Kebanyakan botol air minum sekali pakai dibuat dari plastik jenis PET atau PETE. Mengutip International Bottled Water Association, botol PET sebenarnya masih aman digunakan kembali, tetapi dengan batas tertentu.
Asosiasi tersebut merekomendasikan agar botol PET hanya digunakan ulang satu hingga dua kali. Setelah itu, botol sebaiknya didaur ulang atau diserahkan ke bank sampah, seperti dilaporkan oleh Sustainability Nook.
Sementara itu, jenis plastik lain seperti polycarbonate dan polypropylene tidak dianjurkan untuk digunakan kembali. Pasalnya, material ini berpotensi menimbulkan risiko kesehatan karena dapat melepaskan bahan kimia berbahaya.
Seiring waktu, plastik dalam botol minuman bisa terurai dan melepaskan zat kimia seperti bisphenol A (BPA) dan phthalates. Kedua senyawa ini telah dikaitkan dengan berbagai masalah kesehatan.
Baca Juga : Menutup Tahun dengan Apresiasi: Graha Bangunan Blitar Umumkan Pemenang Pesta Hadiah Akhir Tahun 2025
Dampaknya antara lain gangguan keseimbangan hormon hingga risiko masalah perkembangan pada anak-anak. Risiko ini bisa meningkat jika botol sering terkena panas atau terpapar sinar matahari langsung.
Para ahli juga mengingatkan bahwa botol plastik yang digunakan berulang kali dan tidak dibersihkan dengan benar dapat menjadi tempat berkembangnya bakteri. Akumulasi bakteri ini berpotensi mencemari air minum di dalamnya.
Selain risiko kesehatan, penggunaan botol plastik sekali pakai juga menimbulkan persoalan lingkungan. Produksi botol plastik membutuhkan energi dan bahan baku besar, sementara sebagian besar botol berakhir di tempat pembuangan sampah atau mencemari lingkungan.
Botol plastik bekas minuman membutuhkan waktu ratusan tahun untuk terurai. Selama proses tersebut, bahan kimia berbahaya dapat meresap ke tanah dan air, sehingga mengancam ekosistem.
Sampah plastik juga menjadi ancaman serius bagi satwa liar dan kehidupan laut. Banyak hewan yang salah mengira plastik sebagai makanan atau terjerat limbah tersebut.

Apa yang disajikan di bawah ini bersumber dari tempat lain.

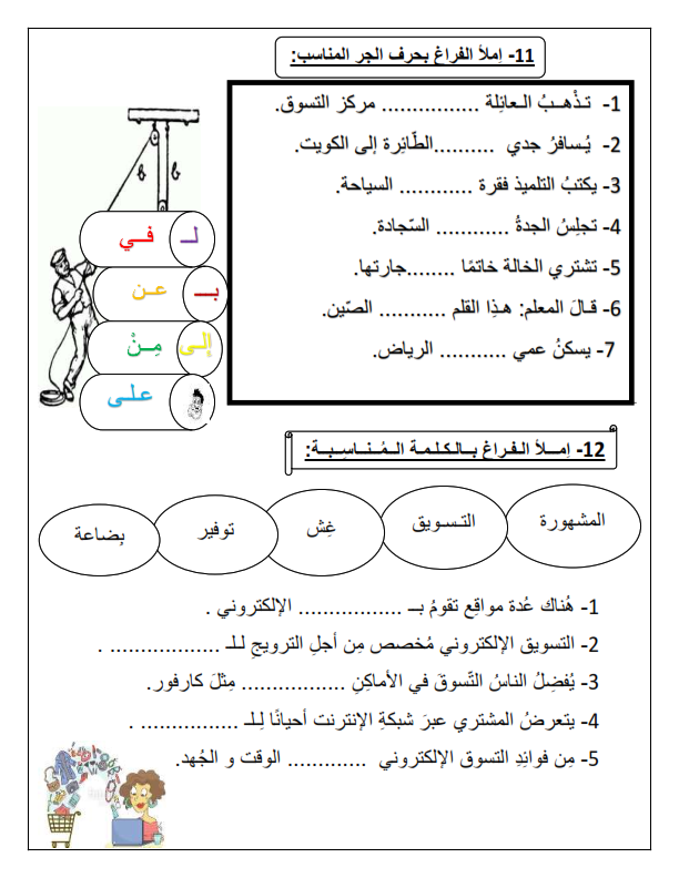 أوراق عمل التسوق لغير الناطقين بها للصف السابع في اللغة العربية
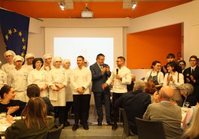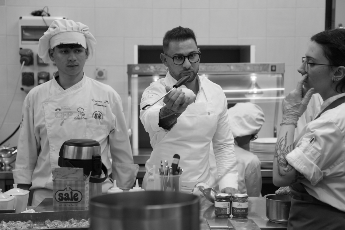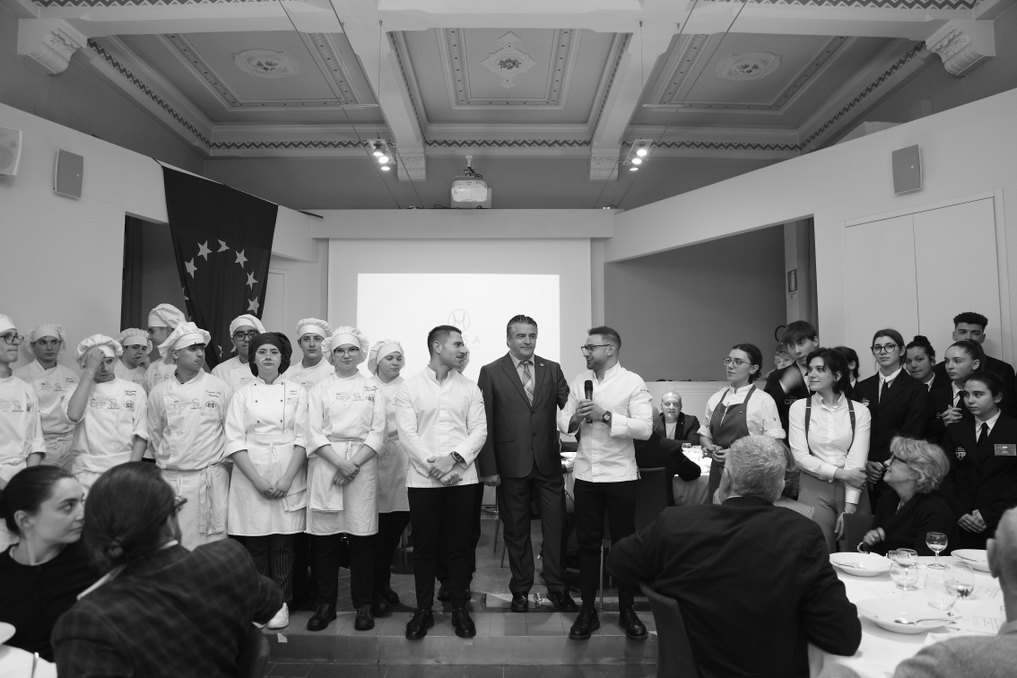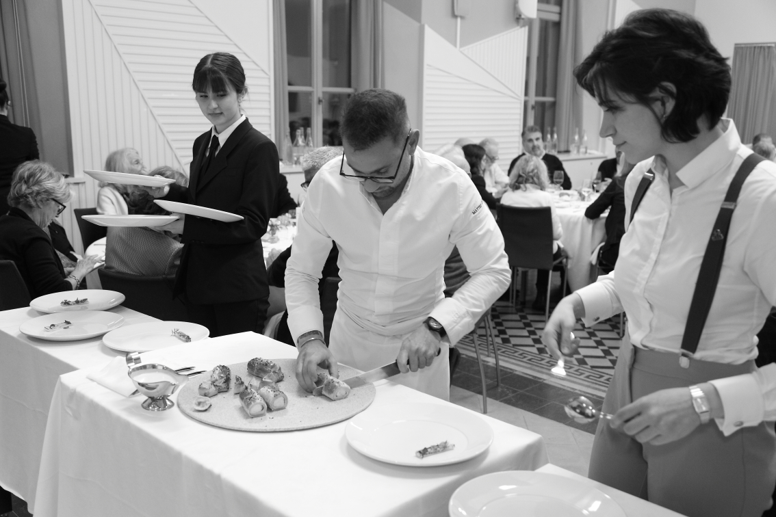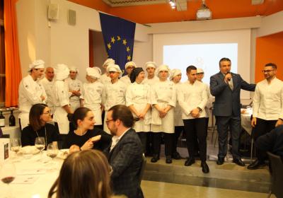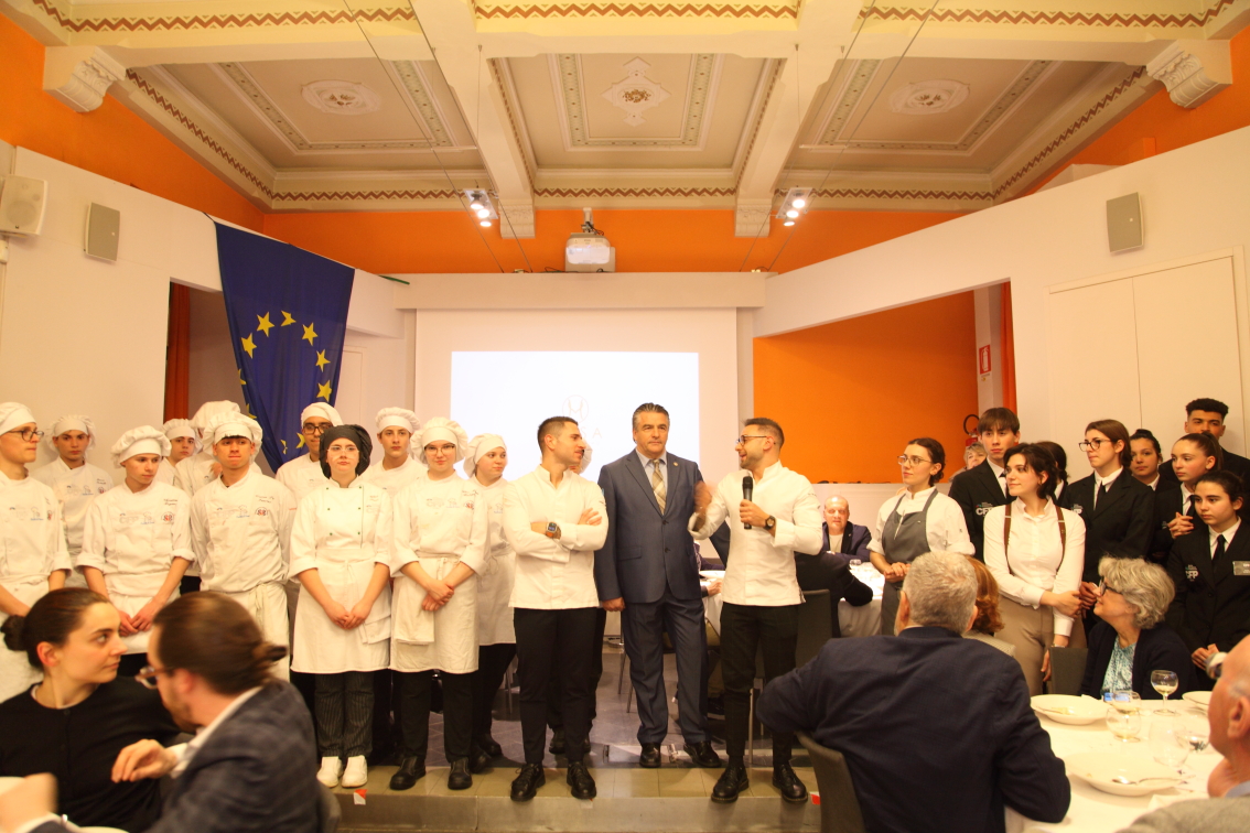 Photo Gallery Home Photo Gallery MUSA - SERATA GOURMET "4 PASSI A SALA COMACINA" MUSA - SERATA GOURMET "4 PASSI A SALA COMACINA" Musa è il Brand che ha debuttato a giugno 2022, pensato per creare un’esperienza esclusiva sulle rive del Lago di Como (Sala Comacina).Musa è gestito da Robert Moretti e Matteo Corridori, due acclamati Executive Chef entrambi nati e cresciuti sul lago di Como, sotto la supervisione e la guida della famiglia Gray, imprenditori da 40 anni nel settore del turismo. Dopo quasi 10 anni all’estero, Moretti e Corridori hanno deciso di portare passione, conoscenze ed esperienza acquisite nei più prestigiosi hotel e ristoranti stellati del mondo nella cornice del Lago di Como. I prodotti locali vengono valorizzati per esaltare il territorio e lavorati con tecniche internazionali acquisite nel corso delle precedenti esperienze sia all’estero sia sul lago di Como. La cucina, dallo stile semplice, pulito ed elegante prevede piatti dove la stagionalità è protagonista indiscussa.Alla base del ristorante ROTEO c’è l’amicizia tra Robert e Matteo, che condividono la stessa passione per l’hospitality, il settore travel e la curiosità di non smettere mai di imparare.Roteo è proprio frutto del legame tra i due nomi ma sottolinea anche l’idea di movimento, concetto che è stato fondamentale durante la ricerca di stimoli e nuove esperienze.In data 25 marzo 2025 il CFP di Como ha ospitato gli Chef Robert e Matteo, che con lo staff di sala di Musa e gli allievi delle prime di sala e seconde di cucina (2A) hanno realizzato una cena per più di 70 ospiti con un menu dal tema "4 passi a Sala Comacina", un connubio di note orientali e sapori del lago di Como. Questa esperienza è importante per gli allievi che apprendono nuove e innovative tecniche in cucina e di servizio che accrescono il loro bagaglio professionale. Qui di seguito la Gallery dell'evento e le foto più belle della cena Torna indietro Condividi Su E-mailFacebookTwitterLinkedIn Gallery

Karena itu, meski mengisi ulang botol dapat mengurangi jumlah sampah, langkah paling bijak tetaplah mendaur ulang atau menyerahkan botol bekas ke bank sampah agar bisa diproses dengan benar.
Dengan memahami alasan di balik tanggal kedaluwarsa air minum kemasan, masyarakat diharapkan lebih bijak dalam menyimpan, menggunakan, dan membuang dengan cara didaur ulang botol plastiknya demi kesehatan dan kelestarian lingkungan. Semoga informasi ini bermanfaat ya.